■ WHAT YOU NEED TO DO ■
Write out all the data verbatim. Skip images.
[RECORDS TO USE — start]
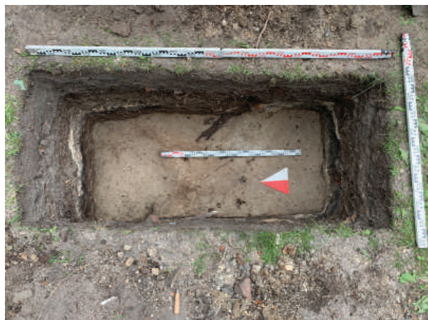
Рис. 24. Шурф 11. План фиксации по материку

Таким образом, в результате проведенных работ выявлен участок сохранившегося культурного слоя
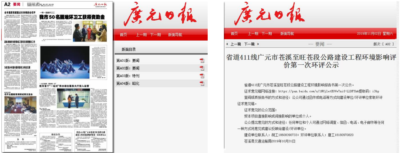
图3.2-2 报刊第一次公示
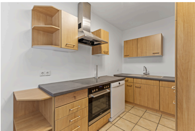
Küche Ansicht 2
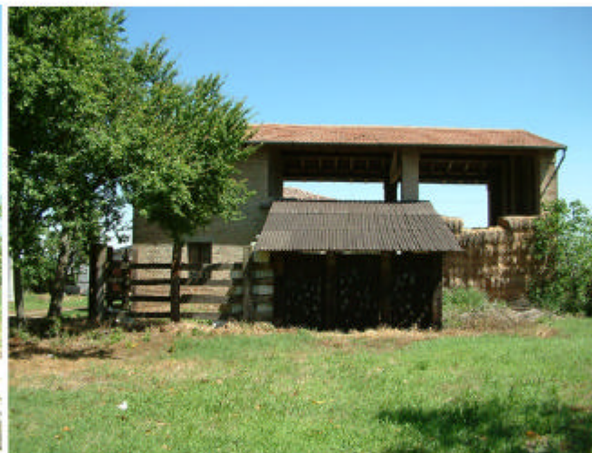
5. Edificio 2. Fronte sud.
[RECORDS TO USE — finish]
■ SOLUTION ■
Рис. 24. Шурф 11. План фиксации по материку

Таким образом, в результате проведенных работ выявлен участок сохранившегося культурного слоя
图3.2-2 报刊第一次公示
Küche Ansicht 2
5. Edificio 2. Fronte sud.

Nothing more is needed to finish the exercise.